Before/after PR proof on delegated Testbox:
- For PRs that should prove "broken before, fixed after", compare base and PR
on the same Testbox when practical. Fetch both refs, create detached temp
worktrees under `/tmp`, install in each, then run the same harness twice.
- Do not checkout base/PR refs in the synced repo root. Delegated Testbox sync
may leave the root dirty with local files; `git checkout` can abort or mix
proof state.
- Temp harness files under `/tmp` do not resolve repo packages by default. Put
the harness inside the worktree, or in ESM use
`createRequire(path.join(process.cwd(), "package.json"))` before requiring
workspace deps such as `@lydell/node-pty`.
- For full-screen TUI/CLI bugs, a PTY harness is stronger than helper-only
assertions. Use a real PTY, wait for visible lifecycle markers, send input,
then send control keys and assert process exit/stuck behavior.
- When validating a rebased local branch before push, remember delegated sync
usually validates synced file content on a detached dirty checkout, not a
remote commit object. Record the local head SHA, changed files, Testbox id,
and final success markers; after pushing, ensure the pushed SHA has the same
file content.
- If GitHub CI is still queued but the exact changed content passed Testbox
`pnpm check:changed`, `pnpm check:test-types`, and the real E2E proof, it is
reasonable to merge once required checks allow it. Note any still-running
unrelated shards in the proof comment instead of waiting forever.

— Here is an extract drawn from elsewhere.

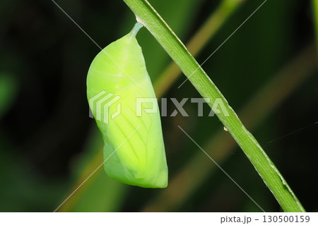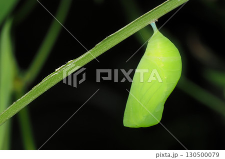 美しい黄緑色のクロコノマチョウのサナギ(自然光+ストロボ、マクロ接写撮影)
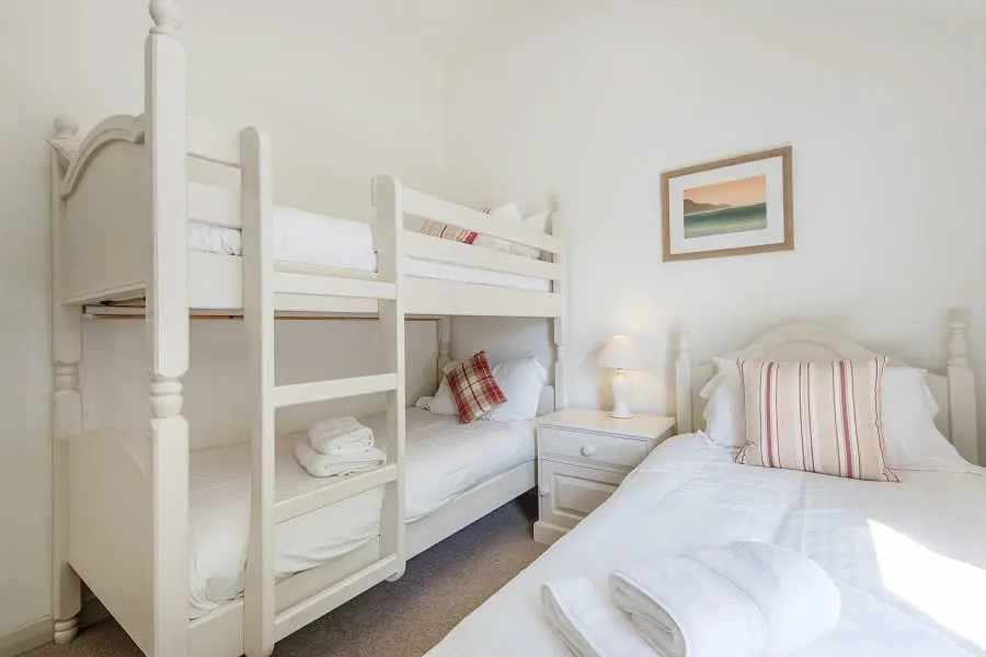 • A second bedroom with a single bed plus full-sized bunks, suitable for both adults and children (with space for a cot if needed)

Interactive CLI/onboarding:
- For full-screen or prompt-heavy CLI flows, run the target command inside tmux
on the Crabbox and drive it with `tmux send-keys`; capture proof with
`tmux capture-pane`, redacted through `sed`.
- Prefer deterministic arrow navigation over search typing for Clack-style
searchable selects. Raw `send-keys -l openai` may not trigger filtering in a
tmux pane; inspect option order locally or on-box and send exact Down/Enter
sequences.
- Isolate mutable state with `OPENCLAW_STATE_DIR=$(mktemp -d)`. Plugin npm
installs live under that state dir (`npm/node_modules/...`), not under
`OPENCLAW_CONFIG_DIR`. Verify downloads by checking the state dir, package
lock, and installed package metadata.
- To test automatic setup installs against local package artifacts, use
`OPENCLAW_ALLOW_PLUGIN_INSTALL_OVERRIDES=1` plus
`OPENCLAW_PLUGIN_INSTALL_OVERRIDES='{"plugin-id":"npm-pack:/tmp/plugin.tgz"}'`.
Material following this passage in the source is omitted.